* _Provided data_
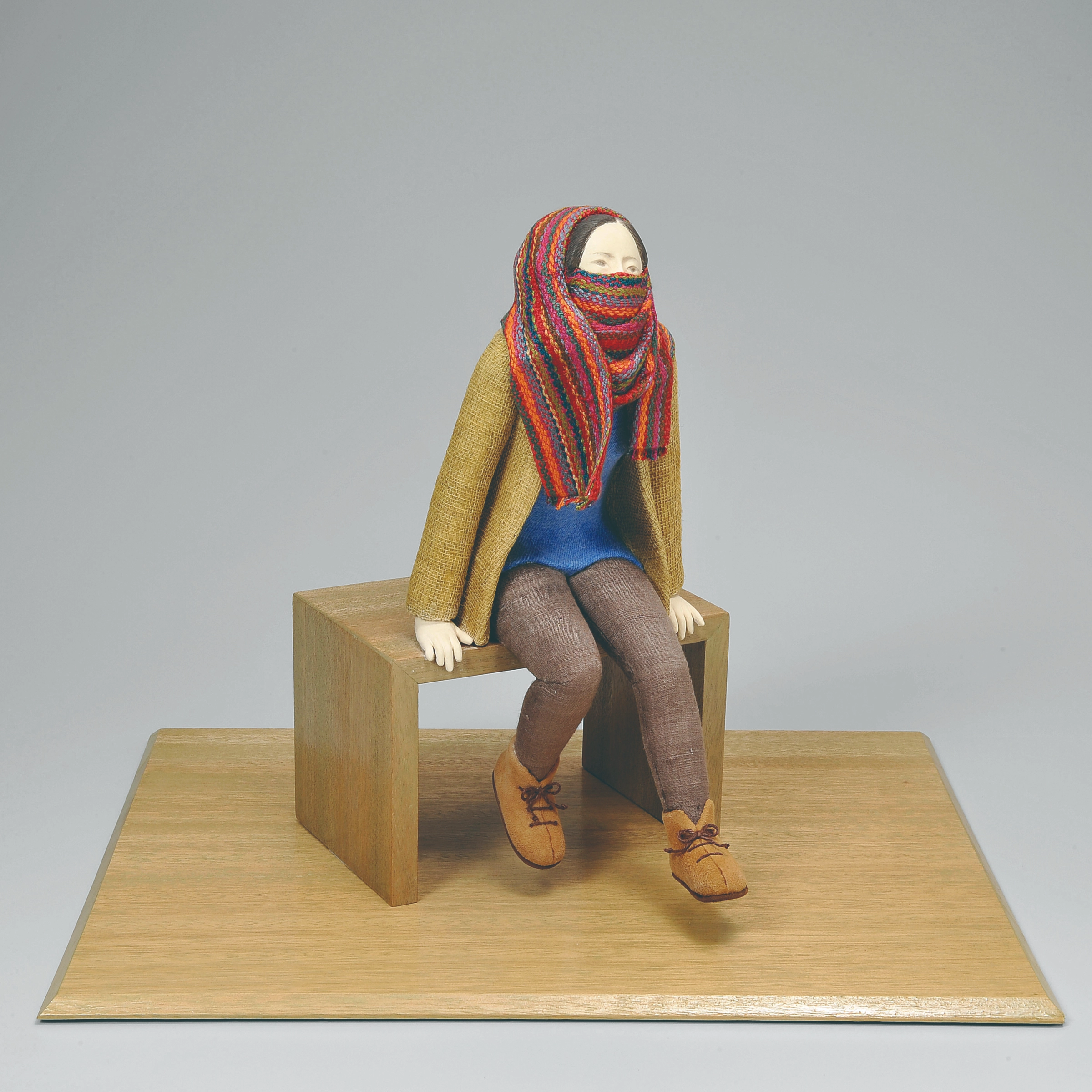 胴体のみぞにのりを置き、布のはしをヘラで押しこみます。人形の衣装が細いみぞにぎゅっと入っていることに気づきましたか?これは木目込みといって、人形の胴体に衣装をつける時に布のぬい目にそって人形にみぞを彫り、そのみぞにのりを置いて布のはしをヘラで押しこんで衣装をとめる方法のことです。細かい衣装の模様も木目込みであらわしています。
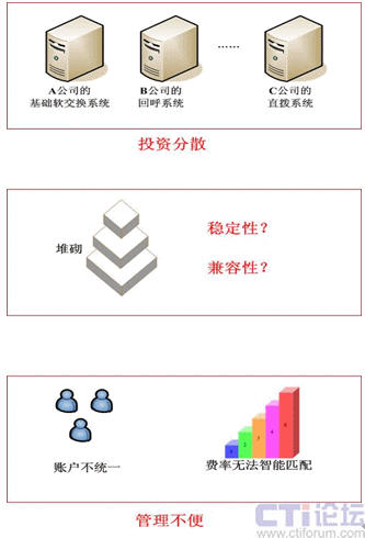 很多運(yùn)營者常常都是最初搭建一套基礎(chǔ)的VOIP運(yùn)營平臺,之后出現(xiàn)回呼業(yè)務(wù),購買一套回呼系統(tǒng)與原系統(tǒng)對掛接,然后發(fā)現(xiàn)直撥業(yè)務(wù)在國際話務(wù)中優(yōu)勢明顯,于是又搭建一套直撥系統(tǒng)。
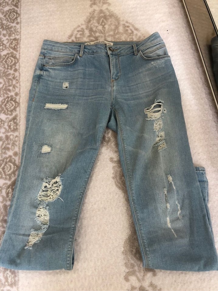 Gri-mavi tonlarında, rahat kesim kadın denim pantolon. Yıpranmış detaylara sahip, normal boy ve desensiz, günlük kullanıma uygun. 30/40 bedendir

* _Requirement_
The data above should be returned in full, exactly as written, apart from its images.

* _Solution below_
 胴体のみぞにのりを置き、布のはしをヘラで押しこみます。人形の衣装が細いみぞにぎゅっと入っていることに気づきましたか?これは木目込みといって、人形の胴体に衣装をつける時に布のぬい目にそって人形にみぞを彫り、そのみぞにのりを置いて布のはしをヘラで押しこんで衣装をとめる方法のことです。細かい衣装の模様も木目込みであらわしています。
 很多運(yùn)營者常常都是最初搭建一套基礎(chǔ)的VOIP運(yùn)營平臺,之后出現(xiàn)回呼業(yè)務(wù),購買一套回呼系統(tǒng)與原系統(tǒng)對掛接,然后發(fā)現(xiàn)直撥業(yè)務(wù)在國際話務(wù)中優(yōu)勢明顯,于是又搭建一套直撥系統(tǒng)。
 Gri-mavi tonlarında, rahat kesim kadın denim pantolon. Yıpranmış detaylara sahip, normal boy ve desensiz, günlük kullanıma uygun. 30/40 bedendir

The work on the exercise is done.